Q: Why did you choose the Monterey Bay Aquarium—a place where you worked as a high school student--as one of the focal points of your novel?
A: Like many other people, I think the Monterey Bay Aquarium is magic. But to me, it’s a darkish magic. Many of my most formative and dramatic adolescent moments took place there, so in terms of creative fuel, it’s a very rich setting for me.
Q: Why did you decide to include actual historic figures in the novel, and what do you see as the right balance between the fictional and the historical?
A: I feel like it’s impossible to write about Cannery Row without mentioning Steinbeck. At first, he was a very peripheral character in my book but then, the more I researched him (and I did A LOT of research), the more I realized he’d be an amazing foil for Margot, the novel’s protagonist.
The same is true of Ed Ricketts. His real-life exploits and predilections meshed beautifully with the coming-of-age story I wanted to tell, so I ran with it.
As far as the balance between fictional and historical, that’s definitely a matter of personal taste, isn’t it? I love it when authors take liberties with the “facts.” To me, that’s what exciting novels are all about.
Take E.L. Doctorow’s Ragtime, for instance. He manages to believably evoke a bygone era, but he also lets his imagination go wild. I think this approach is so much more provocative and compelling than just playing it straight, so to speak.
There’s also the question of the lie that tells the truth. For me, my invented story of the aquarium’s founding is more emotionally “true” than the real story. This might disappoint readers who come to the book looking for a history lesson, but that’s a chance I’m willing to take.
Q: Did you know how the novel would end before you started writing it, or did you make many changes as you wrote?
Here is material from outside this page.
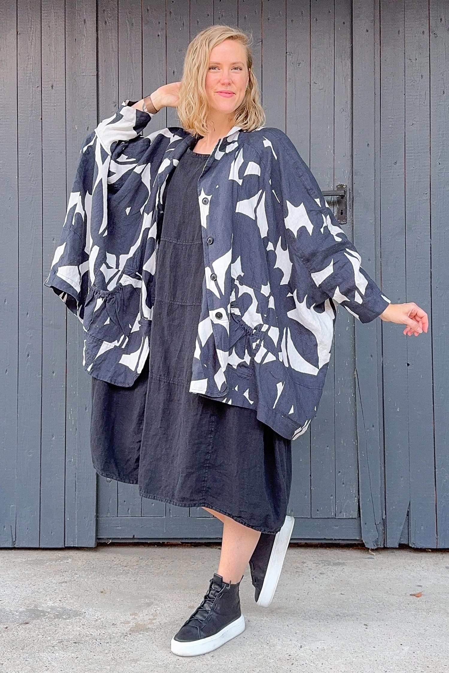 Oversize Leinenmantel - Schwarz - 1263541102

A: The ending, like the rest of the novel, went through countless iterations. I knew I wanted to finish on a strong, memorable, pseudo-symbolic image that would give the novel a sense of resolution but also a subtle shift in tone, but I wasn’t sure what that image was for a very long time. The day I finally figured it out was an extremely satisfying one!
Q: How did you create your character Margot, whom you present in alternating chapters as a teenager and as an older woman?
A: Margot began as a true product of my imagination. She appeared to me one day almost fully formed, resplendent in her lust and anger and ambition.
Along the way, I discovered several historical figures who kind of “confirmed” the direction in which I was taking her. One of these figures was Carol Steinbeck, John Steinbeck’s first wife, who, like Margot, was a forcefully opinionated person and a talented artist.
I was also inspired by Julia Platt, who was the mayor of Pacific Grove, California, in 1931, when she was 74 years old. Platt was a real pistol and a devoted environmentalist. I think Margot and [Platt] would have gotten along splendidly.
Some of Steinbeck’s fictional characters also influenced my portrayal of Margot, especially Cathy Ames (aka Kate Trask, Kate Albey, etc.), the gloriously despicable villain in East of Eden.
Steinbeck presents a very two-dimensional, wholly evil version of this woman. It made me wonder what would happen if she was rounded out and given a soul. Would she turn out to be someone like Margot? Someone who is difficult by any measure, but also smart and sensitive and accomplished and interesting?
Q: What are you working on now?
A: I’m a little superstitious about discussing projects that are still in process. Let’s just say I’m working on a new novel that’s set on Wall Street: another famous, and personally evocative, landscape
Q: Anything else we should know?
A: The versions of Monterey, Steinbeck and the aquarium that I write about in Monterey Bay might not be what readers expect. But I think that’s a good thing.